CloudRay will automatically connect to your server, run the Install and Configure Cluster Script
, and provide live logs to track the process. If any errors occur, you can review the logs to troubleshoot the issue.
Run the Install and Deploy NVIDIA script
However, if you wish to run GPU-accelerated workloads, you can run the Install Helm and Deploy NVIDIA Script.
To run the Install Helm and Deploy NVIDIA Script, follow similar steps:
- Navigate to Runlogs: In your CloudRay project, go to the Runlogs section in the top menu.
- Create a New Runlog: Click on New Runlog.
- Configure the Runlog: Provide the necessary details:
- Server: Select the same server used earlier.
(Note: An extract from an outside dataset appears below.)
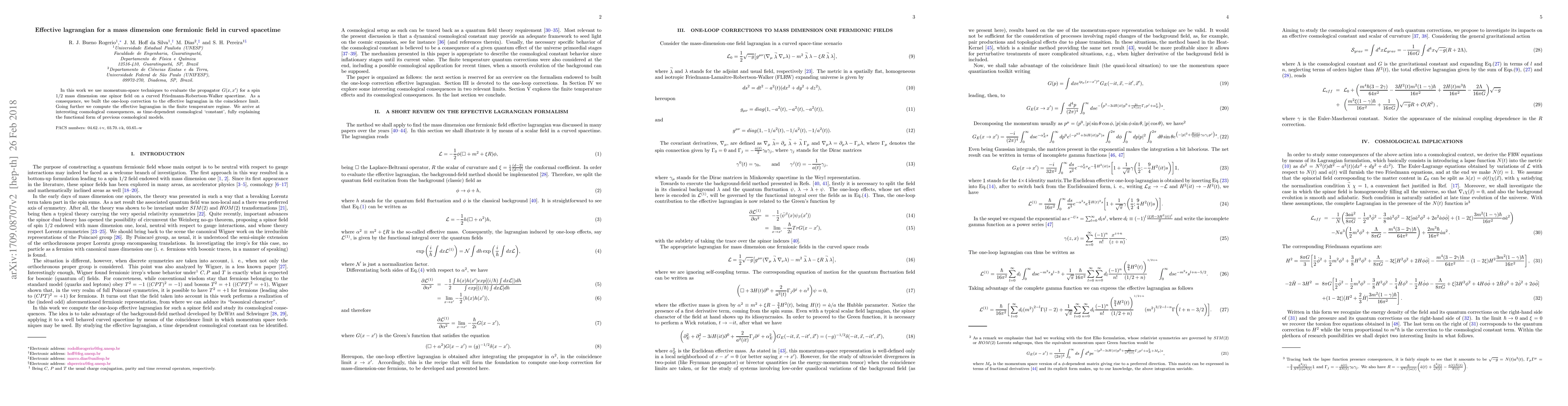 This paper evaluates the propagator for a mass dimension one fermionic field in curved spacetime using momentum-space techniques, deriving the one-loop correction to the effective Lagrangian, and explores its implications in both coincidence and finite temperature regimes, leading to a time-dependent cosmological constant.

- Script: Choose the “Install Helm and Deploy NVIDIA Script”.
- Variable Group: Select the variable group you created earlier.

- Execute the Script: Click on Run Now to deploy your application.

Your lightweight Kubernetes cluster with K3s is now deployed and ready for GPU-accelerated workloads with the NVIDIA GPU Operator!
Troubleshooting
If you encounter issues during deployment, consider the following:
- K3s Service Not Running: Check service status with
sudo systemctl status k3s
and restart with sudosystemctl restart k3s
- Firewall Issues: Verify that required ports (6443, 30000-32767) are open using
sudo ufw status
- NVIDIA GPU Operator Deployment Issues: Check logs with
kubectl logs -n gpu-operator -l app=nvidia-gpu-operator
If you still experience issues, refer to the official K3s Guide and NVIDIA GPU Operator Documentation for more details.